SEASONS: Mint is a perennial plant. It is extremely hardy and can grow easily in tropical and temperate zones. It can be sown and grown in Mumbai all year round.
PROPAGATING: This plant is very easily propagated from seed or cuttings. It is easy to propagate through seed, and extremely difficult to fail with cuttings!

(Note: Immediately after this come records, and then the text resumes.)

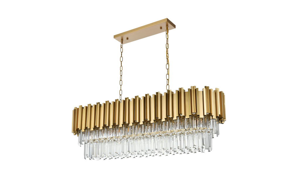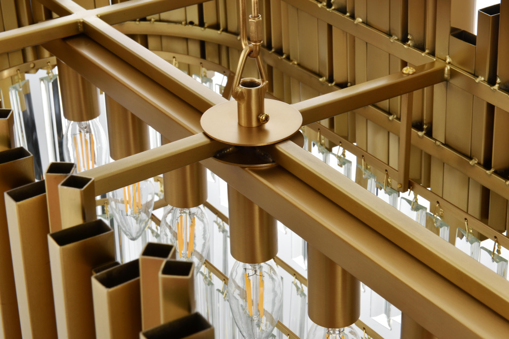 This chandelier boasts a bold rectangular frame adorned with staggered iron and clear glass elements, creating a striking architectural aesthetic that commands attention.
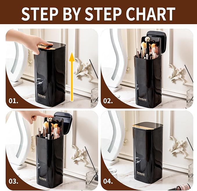 - Exquisite Design, this is a press type makeup brush holder. Simply press the lid lightly to open this makeup brush organizer. You can see that the makeup brush automatically rises and presents itself in front of you. After use, press the middle ball to complete the storage
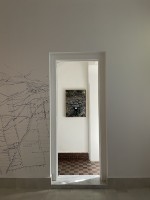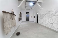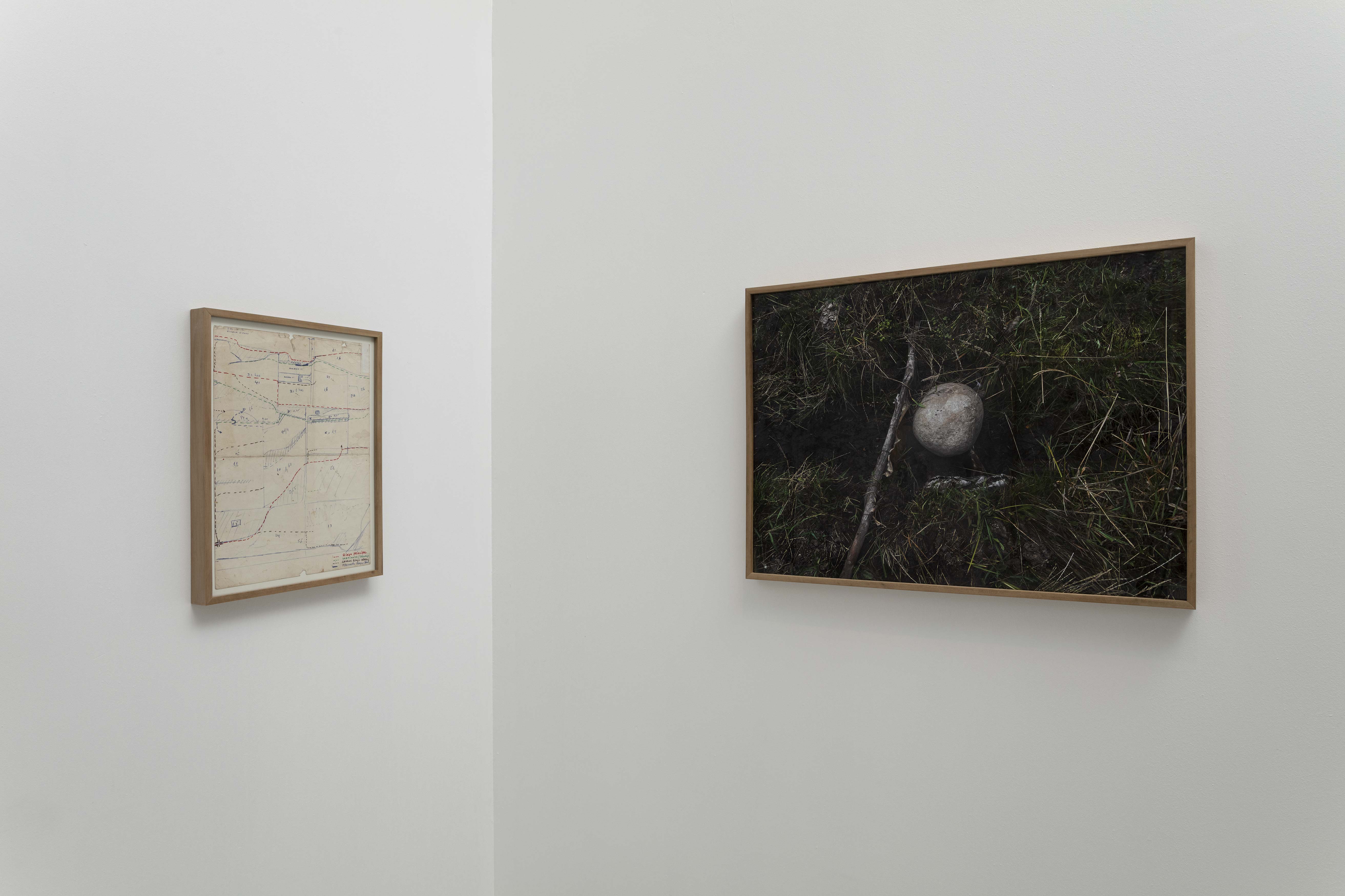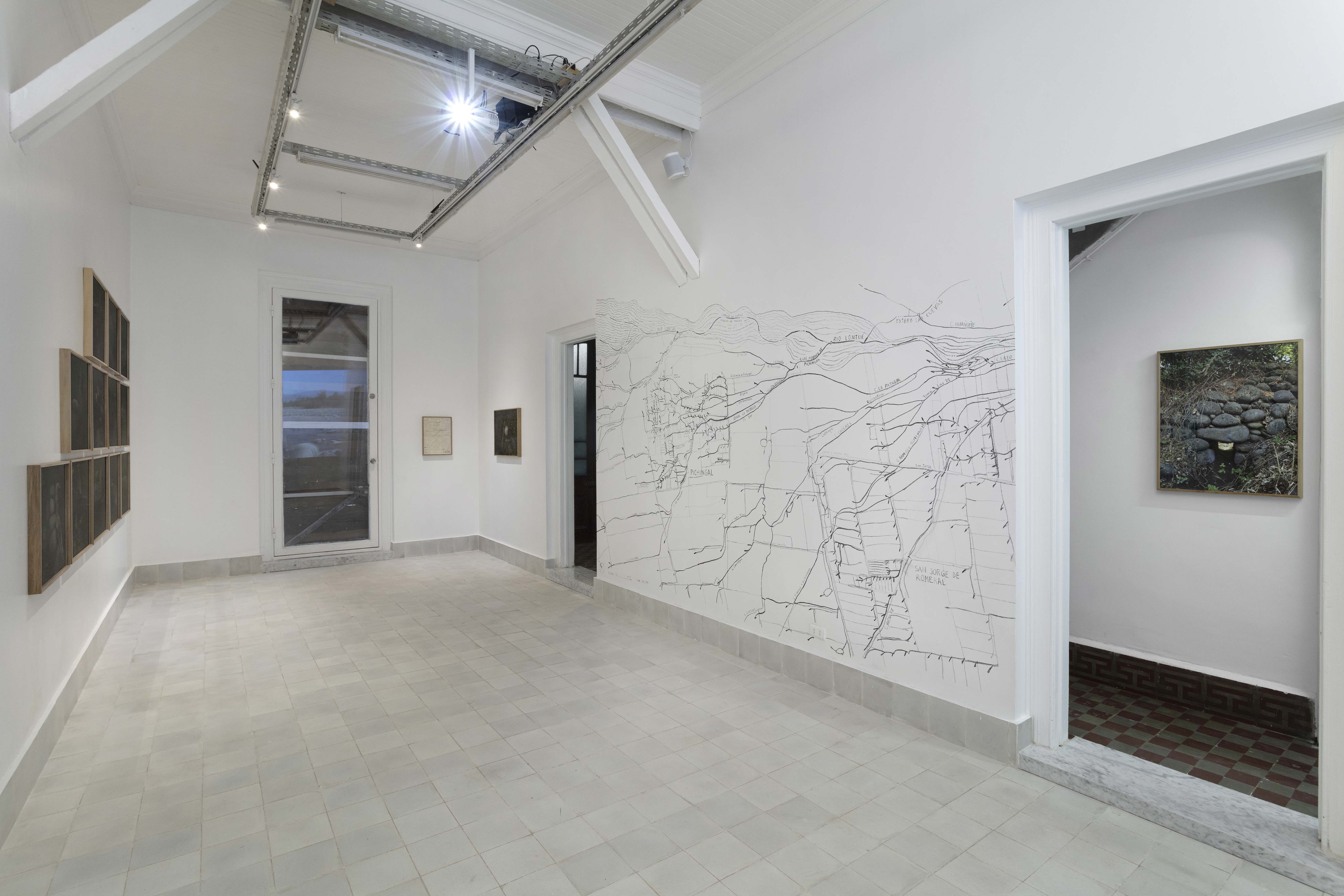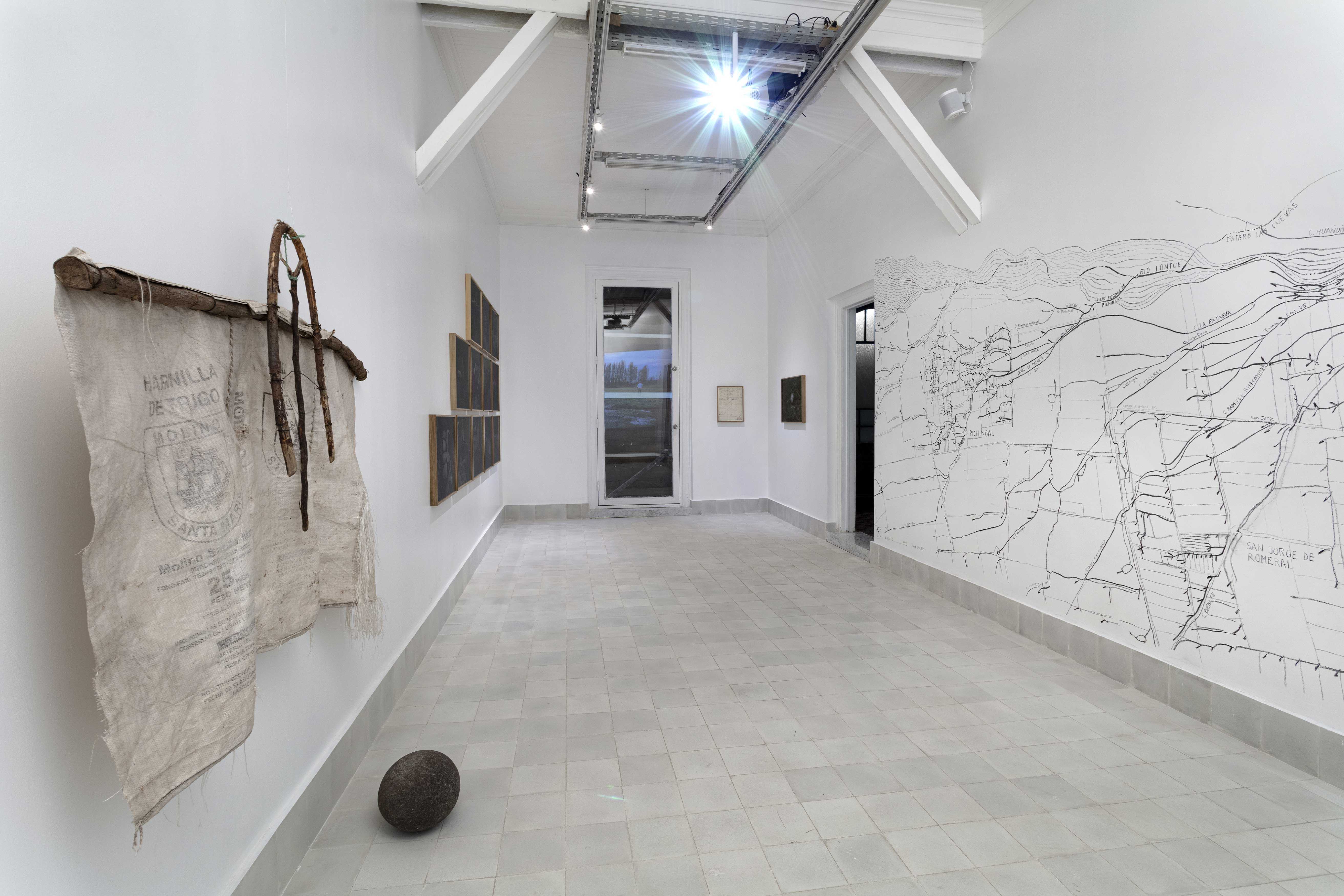 En el muro de la galería Benítez traza un fragmento de un levantamiento oficial de 1985 del río Lontué, indicando el nacimiento del Canal Los Pobres de Pichingal. A este mapa se suma un esquema dibujado a mano por el padre de la artista en la misma época, indicando la red de canales que guía el agua a través de la parcela de tierra de la familia.

GERMINATING: Mint seeds are best germinated in germination dishes/seeding baskets prepared with a mixture of compost and peat moss. Seeds can be shown in shallow, 1/4 inch deep holes or scattered on the surface with a sprinkling of soil above. Place in semi-shade and spray water evenly. Spray your sown seeds daily until seedlings emerge in 5-7 days
PLANTING OUT: Transplant your mint saplings after about 2 weeks of growth, or when stems seem sturdier. If you are propagating through cutting, which is recommended because it is far simpler, then use fresh, un-refrigerated and sturdy mint stalks for re-planting. Choose acidic, well-drained and heavily manured/composted soil in direct sunlight. Plant your saplings/cuttings in OBLIQUE furrows that are 4-6 inches deep. This is because mint grows obliquely most naturally, and by following that inclination you will be increasing the chances of your mint stalks (now more exposed to soil) to catch root. Mint will grow anywhere, and very easily. It is also an invasive grower, and will quickly colonize space if paired with any other plant. It will then compete aggressively for resources, and in all likelihood, win! For that reason, please ensure that you grow your mint singly, and in containers only.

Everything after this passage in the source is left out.